Stampioen publiceerde tevens onder een schuilnaam twee vraagstukken ter oplossing, blijkbaar als publiciteitsstunt voor zijn boek. Een van de twee vraagstukken had te maken met de juiste plaatsing van een kanon. Onder eigen naam publiceerde hij oplossingen.
De jonge landmeter Jacob A. Waessenaer kwam ook met een oplossing die een recente regel van Descartes toepaste. Stampioen verwierp deze oplossing waarna Descartes zich in de polemiek mengde.
Jan Jansz Stampioen de Jonge wordt wel verward met zijn vader Jan Jansz Stampioen de Oude, die de cartograaf was, net zoals diens kleinzoon Nicolaes Stampioen.
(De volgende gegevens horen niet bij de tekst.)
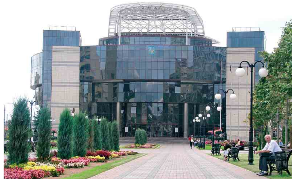
Районна державна адміністрація в місті Києві (Солом'янський р-н)

м. Київ, пр-т Московський, 20 б, 6 поверх Тел./факс: (044) 461-98-70 www.ursa.com.ua, ursa.ua@uralita.com

Het was ook in 1689[1] zijn zoon en astronoom Nicolaes Stampioen en niet Jan Jansz Stampioen de Jonge, die lid was van een commissie om een voorgestelde oplossing van het probleem van de lengtemeting op zee te beoordelen, omdat volgens een notariële verklaring van 9 december 1681 te Rotterdam, Jan Jansz Stampioen de Jonge reeds in 1653 in Arras om het leven is gekomen bij een buskruitexplosie.[2] Dit komt overeen met het testament van 14 september 1660[3] van zijn vader, Jan Jansz Stampioen de Oude, waarin hij als zaliger aangeduid wordt, en met de vermeldingen in het weeskamerarchief van Rotterdam in 1653. Verder is er over zijn leven wel iets bekend. Hij komt bijvoorbeeld voor in het Journael van Isaac Beeckman, rector van de Latijnse school van Dordrecht, met wie hij herhaaldelijk samenwerkte.
Zijn beroemdste leerling was Christiaan Huygens, die in 1644 samen met zijn broer Constantijn junior les van hem kreeg. Er is een studieadvies van Stampioen voor Christiaan overgeleverd voor wis-, natuur- en sterrenkunde.[4]